▶ [DATA SECTION]
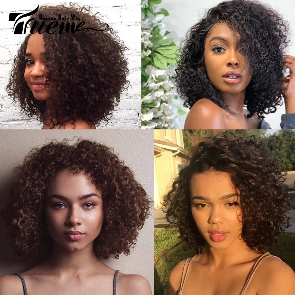 Парик Trueme с кудрявым Бобом, парики из человеческих волос на сетке спереди, цветные бразильские парики с водной волной, для женщин, парики с влажной и волнистой сеткой спереди, парик
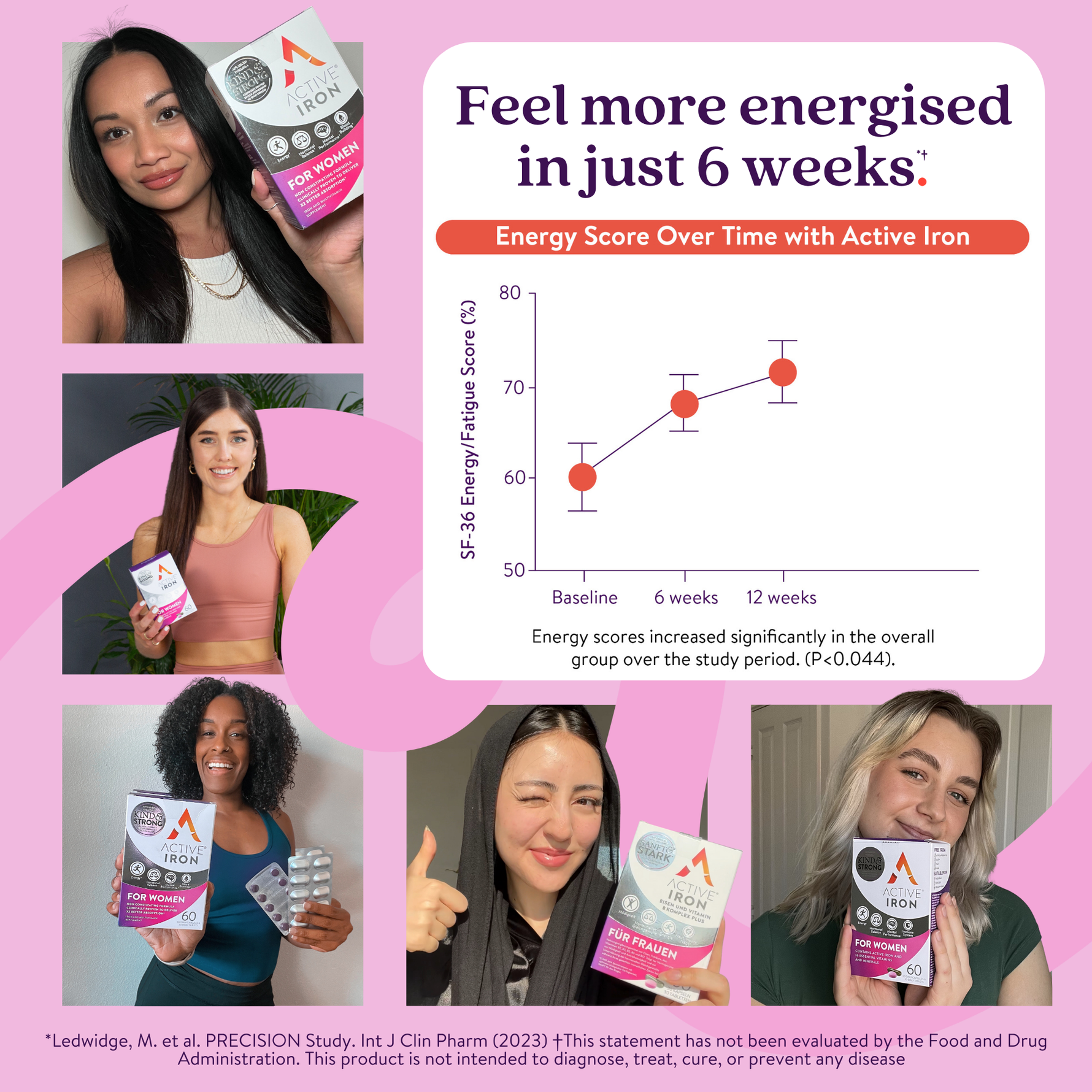 Monthly periods are the most common cause of iron loss among women worldwide. Research shows that women of childbearing age need 2X more daily iron than men. According to the Active Iron survey, 74% of women with heavy periods suffer from menstrual fatigue, with 87% admitting this negatively impacts their quality of life.
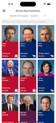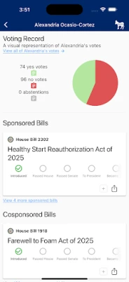 - View their state, party, district, voting records, and sponsored/cosponsored bills.
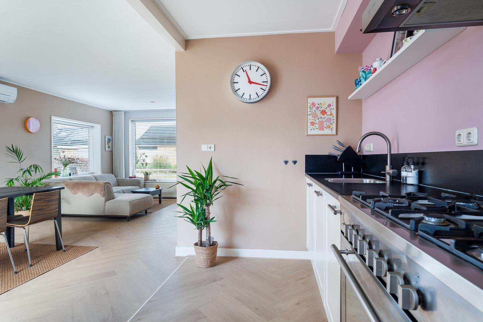 De woonkamer is een echte blikvanger: heerlijk licht dankzij de vele raampartijen en afgewerkt met een prachtige visgraat pvc-vloer. De strakke wanden en plafonds geven het geheel een moderne uitstraling. De open keuken staat in verbinding met het eetgedeelte en is uitgerust met diverse inbouwapparatuur, waaronder een 6-pits gasfornuis, oven en koelkast.

▶ [PROBLEM TO SOLVE]
With pictures left out, print the lines of the material above from the line containing "- View their" through its last line, exactly and nothing more.

▶ [ANSWER SECTION]
 - View their state, party, district, voting records, and sponsored/cosponsored bills.
 De woonkamer is een echte blikvanger: heerlijk licht dankzij de vele raampartijen en afgewerkt met een prachtige visgraat pvc-vloer. De strakke wanden en plafonds geven het geheel een moderne uitstraling. De open keuken staat in verbinding met het eetgedeelte en is uitgerust met diverse inbouwapparatuur, waaronder een 6-pits gasfornuis, oven en koelkast.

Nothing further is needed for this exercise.